The obligation to endure gives us the right to know (Silent Spring author Rachel Carson’s favourite quote). But ever since the 80s, FOI rights have been eroding. The 1970s were the nadir of FOI movement.

What pieces of critical information were missing for you to carry out your journalism? Have you been able to look at the government's sources? How much time journalists spend on reviewing science nowadays instead of relying on experts to feed them information?

SH:

Some times public leaders cite studies. Figures get thrown out in rapid succession during pressers with no time to ask for sources. BB can’t find DBH’s figure as to long COVID cases lowering by 50% since Delta wave. If public health experts are basing their decisions on research, they should be able to reveal their sources.

One of biggest pieces of missing info is RACE BASED DATA. BC did not think it important enough to track. Reporters had to track it down and affirm that YES, COVID has a race-based impact.

SH:

The US is doing a lot better. One of the reasons we got FOI rights was because we had to catch up to US. We got FOI rights mainly because Canadians had to go to US to find meat inspection reports on Canadian meat.
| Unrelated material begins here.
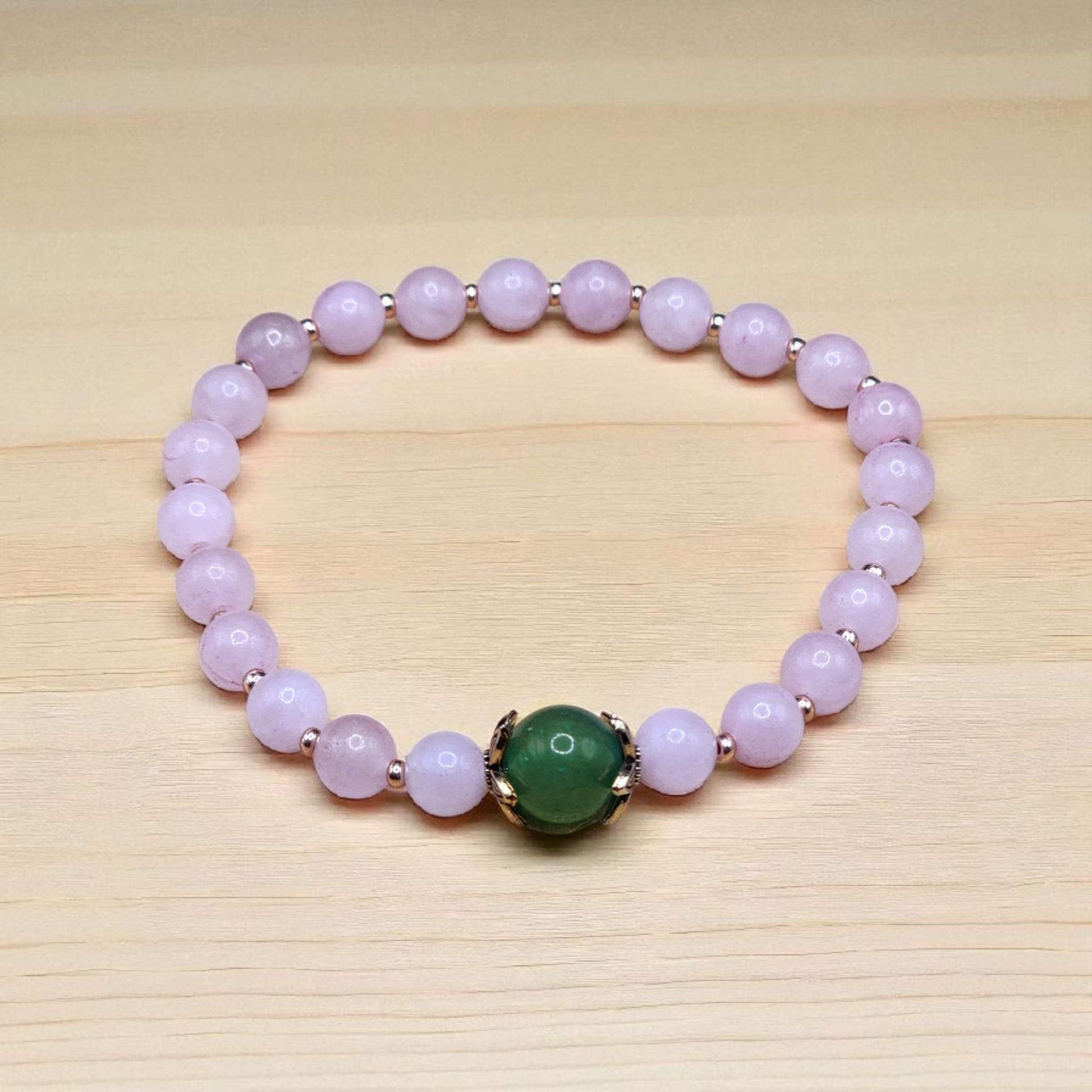 This bracelet blends the soft, nurturing energy of rose quartz with the vibrant, heart-opening power of aventurine. Rose quartz, known as the stone of unconditional love, brings warmth and emotional healing, while aventurine encourages growth, optimism, and abundance. Together, they form a gentle yet empowering pairing that supports both the heart and spirit.

Now PR officers control government information. We used to be able to talk to government officials directly. Now we have to rely on government propaganda.

Has the damage to scientific transparency in Canada been repaired since Harper’s muzzling of scientists?

SH:

From the 90s to the early 00s, Canadian public sector communications officers went from being intermediaries between reporters and public servants, to being primary spokespeople on behalf of the experts in government. That trend has accelerated. As a journalist, SH can phone a civil servant in the US for information. That is not happening in Canada.

BB:

When she requests interviews with a civil servant, she gets prefabricated quotes in response.

SH:

The PR industry needs to take responsibility for this. This is a profession that erodes democracy. If we can only get propaganda from government, we can’t “do” democracy, and the PR industry is complicit in that.

Right from beginning of pandemic, we’ve been pounded with disinformation and politicization around infection control. Starting with GBD, funded by AEI and the Koch family. Now misinformed people are taking up arms based on false information. How do we dig our way out of that? How to repair trust in public institutions?

BB:

Transparency from government is the key. Though, with misinformation so readily available, even the correct information will hardly make people change their minds.

SH:

Realistically, over next 30 years as climate change and political destabilization accelerate, we will be looking for other forms of certainty and control, and we might look for it in community. Community does provide those things. We who believe FOI is important should be forming communities around the principles of equity & evidence-based advocacy.

It’s like the 70s all over again. We were living with threats of nukes, DDT, thalidomide, at a time when the world was waking up to the power of self-annihilation. Now we’re back in that moment writ large. The answers they came up with don’t apply, but the writing and thought processes from back then are important to look at.

BB:

People who have been advocating throughout the drug poisoning crisis have been dealing with this for longer than COVID “truth seekers” (not her words) have been dealing with it. They’ve been going right to the experts, who have been able to speak to them, but only under the condition of anonymity. We should be learning from that community.

What can a regular person do to push back against disinformation when it's coming from the government?

BB:

We need to remain connected to and keep talking with people in our circles to give them an evidence-based perspective to compete with the disinformation that's so easy to find. Keep speaking to loved ones but don’t be pushy. Listen to their concerns. Gently insert evidence into their thought process. Pushing back against the government is more difficult to do than persuading your own family.

SH:

Personal connections are important in a fact-resistant society. Hold our politicians accountable. There are so many topics we should be talking and thinking about, but aren’t (eg. housing equality).